20. Residential Buildings and Architectural Design

Birgit Jürgenhake1 Leeke Reinders1

1

Delft University of Technology, Faculty of Architecture

An ageing society has severe implications for the organization of care and residential housing. Existing housing designs as well as public spaces generally are not well equipped for accommodating growing numbers of elderly. Social care programs also are confronted with problems of segregation and inequality in the accessibility and affordability of housing and services. The demographic transition to an ageing society runs parallel with transitions in the policy and practice of elderly care, which moves away from institutional buildings and arrangements towards informal support networks of friends, neighbours and family. Despite these transitions in elderly care policy, research on the perception and use of home spaces among older people as well as how to incorporate this knowledge in the design and redevelopment of residential space, is still scarce. There is a need to rethink the architecture of home and living environments for elderly people, as, for example, in how elderly care might be embedded in urban settings or how more inclusive environments might take shape.

This paper addresses these issues by reporting first findings of an ongoing anthropological and architectural research on the everyday life of elderly in care centres, located in two Dutch cities. The research is a visual anthropology of architectural space. It focuses on the practices of the everyday life, on small acts and concrete actions. The research aims to document and visualize the needs and living conditions of elderly today, as well as translate fieldwork into architectural design, which is understood as the organisation and materialization of elements and forms of space. The main questions that will be addressed in this paper concern the everyday life of residents, professionals and visitors of elderly care centres. How do older people make home? How do they move around and share spaces? How do (sub)communities work in residential care settings? How do private spaces relate to public and parochial spaces?
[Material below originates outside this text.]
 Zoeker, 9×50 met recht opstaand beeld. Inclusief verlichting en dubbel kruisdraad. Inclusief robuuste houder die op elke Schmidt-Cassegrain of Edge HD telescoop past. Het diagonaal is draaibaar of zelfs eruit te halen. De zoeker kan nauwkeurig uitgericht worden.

And how do personal worlds relate to the outside world of the city and the neighbourhood?

The paper contains three sections. The first section discusses current paradigms in the management, housing policies and architecture of elderly care. The second section formulates a method of researching these care institutions by combining visual anthropology and architecture. Fieldwork is related to pictorial techniques of studying everyday life (observational drawing, sequential photography, soft mapping) and using architectural representations (sections, floorplans, axonometric drawings, diagrams) to analyse fieldwork material. The third section then presents preliminary findings of a fieldwork study in two elderly care homes, organized as part of a design studio with a group of fourteen students in Architecture.